Last one is a cool pic. Good job on the spike.


----------



## altez (Sep 12, 2012)

Congrats on the spike! 37 yards?! I don't think I can even see that far ... haha.


----------



## Trouthunter (Dec 18, 1998)

Good job!

TH


----------



## hardhead34 (Sep 6, 2007)

man that last pic is cool. And congrats on filling the freezer. What county you hunt in? Im wondering if our deer started rutting yet were in robertson county


----------



## sharkchum (Feb 10, 2012)

hardhead34 said:


> man that last pic is cool. And congrats on filling the freezer. What county you hunt in? Im wondering if our deer started rutting yet were in robertson county


 Houston County in Crockett. I'm not sure if the rut really started, but all the bucks I saw were running doe.


----------



## DCAVA (Aug 5, 2013)

Good spiker, good eatin' meat there!!!


----------



## wet dreams (May 21, 2004)

Good job on the spike, I'll bet the ***** love you....WW


----------



## Chase4556 (Aug 26, 2008)

hardhead34 said:


> man that last pic is cool. And congrats on filling the freezer. What county you hunt in?

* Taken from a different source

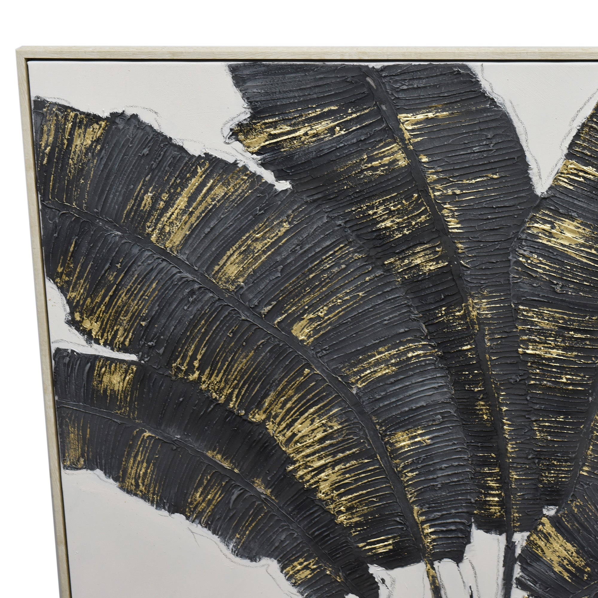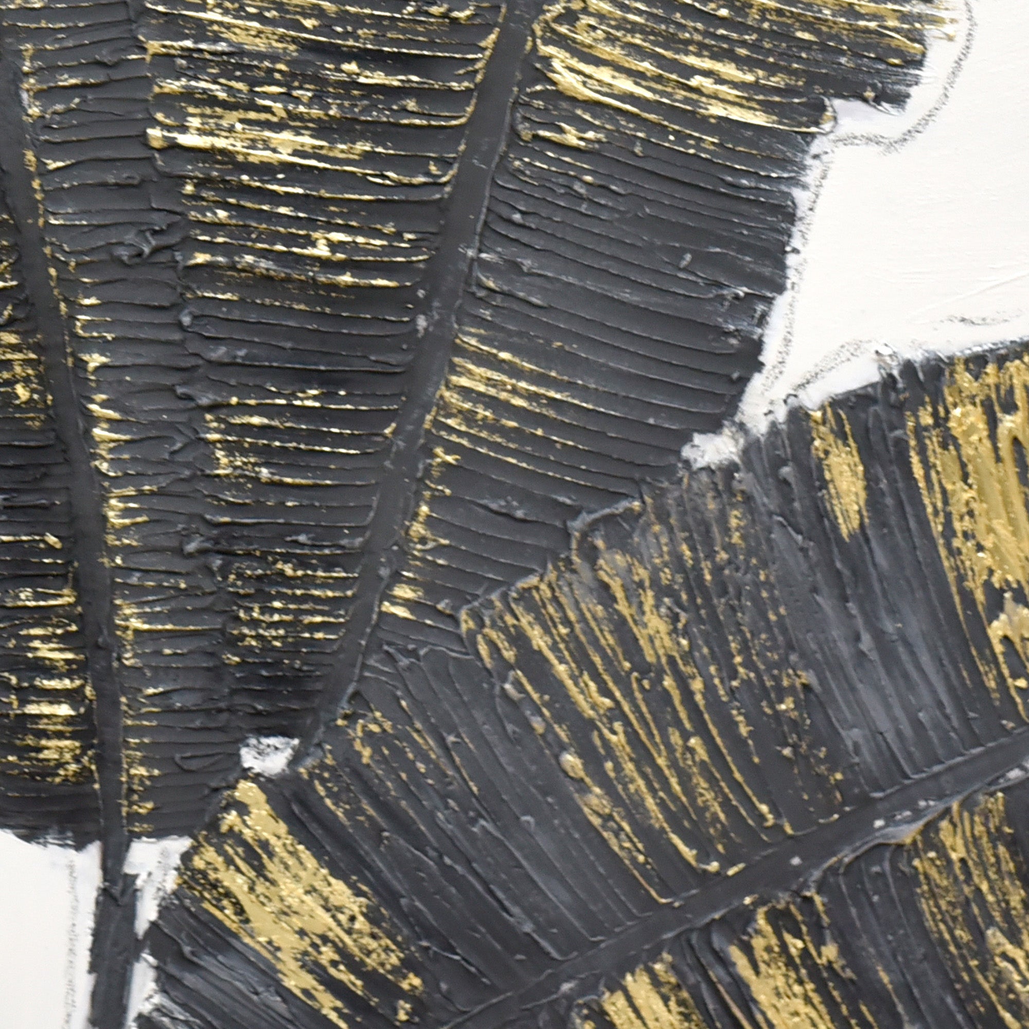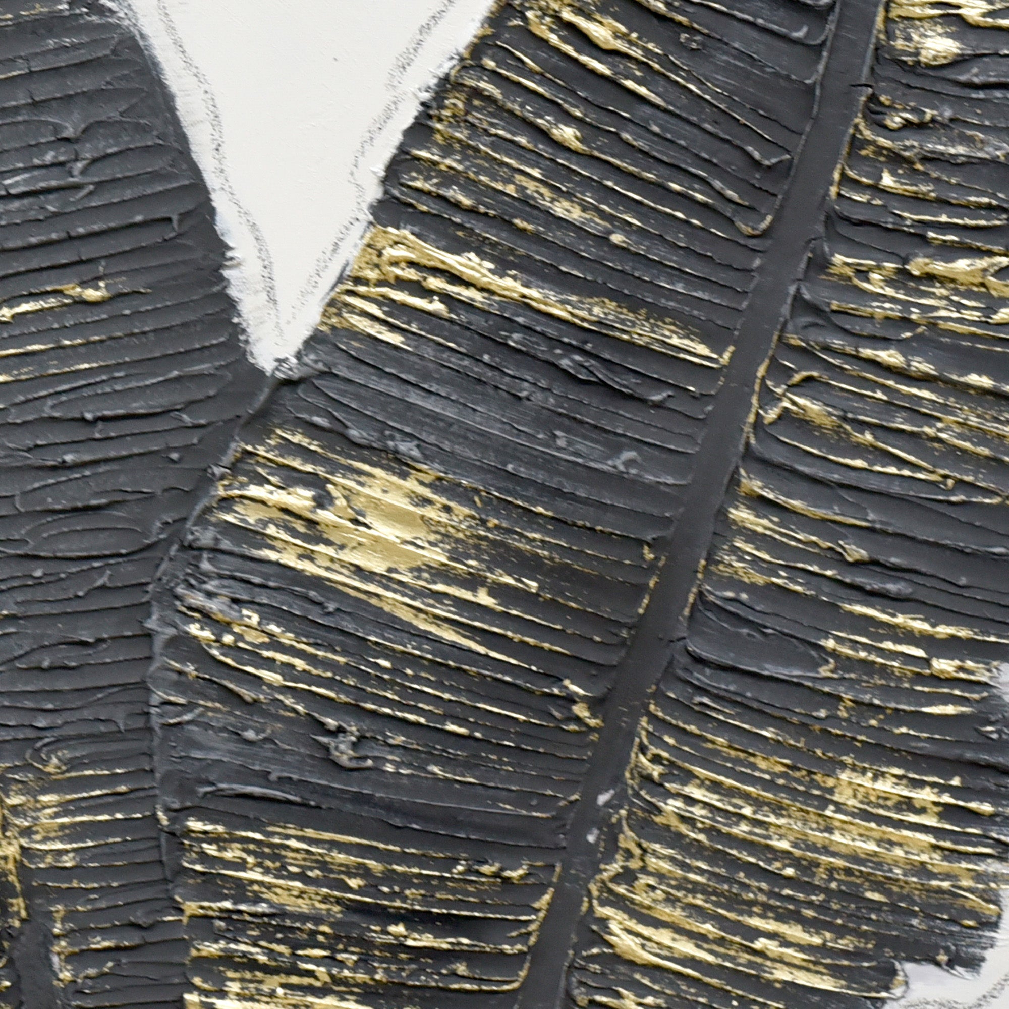 Drenched in the mystique of black and charcoal, “Noir Luminescence” is a testament to the harmonious interplay between light and shadow. This artwork showcases five large banana plant leaves, each meticulously hand-painted with a heavy texture, evoking a tactile allure. The deep, dark hues of the leaves are contrasted beautifully by the gold highlights, creating a visual rhythm that dances across the canvas. Set against a pristine white background, the leaves seem to emerge from the canvas, their gold accents shimmering like stars in the night sky. The light wood frame complements the composition, adding warmth to the contrasting shades. Crafted with passion and precision, “Noir Luminescence” is more than just a visual treat; it’s an exploration of nature’s beauty through the lens of abstraction.

Im wondering if our deer started rutting yet were in robertson county


Not sure if they are rutting, but my dad was up at the property this weekend, robertson county as well, and said they saw a lot of deer. They were moving, but it seems like that was happening a lot of places with this cool front yall must have got.


----------



## Relief (Oct 15, 2006)

*Poor little Deer, wife gives me a hard time, about Bambi.*

He is a young one, wonder what he would be at 5 or 6 years.


----------



## saltwatersensations (Aug 30, 2004)

Relief said:


> He is a young one, wonder what he would be at 5 or 6 years.


I would have shot that spike all day long. Good one to take. Even better sausage..


----------



## DCAVA (Aug 5, 2013)

Relief said:


> He is a young one, wonder what he would be at 5 or 6 years.


 He would of been a 17" long spike!! :question:

Perfect deer to take out of the herd, and great table fare!!


----------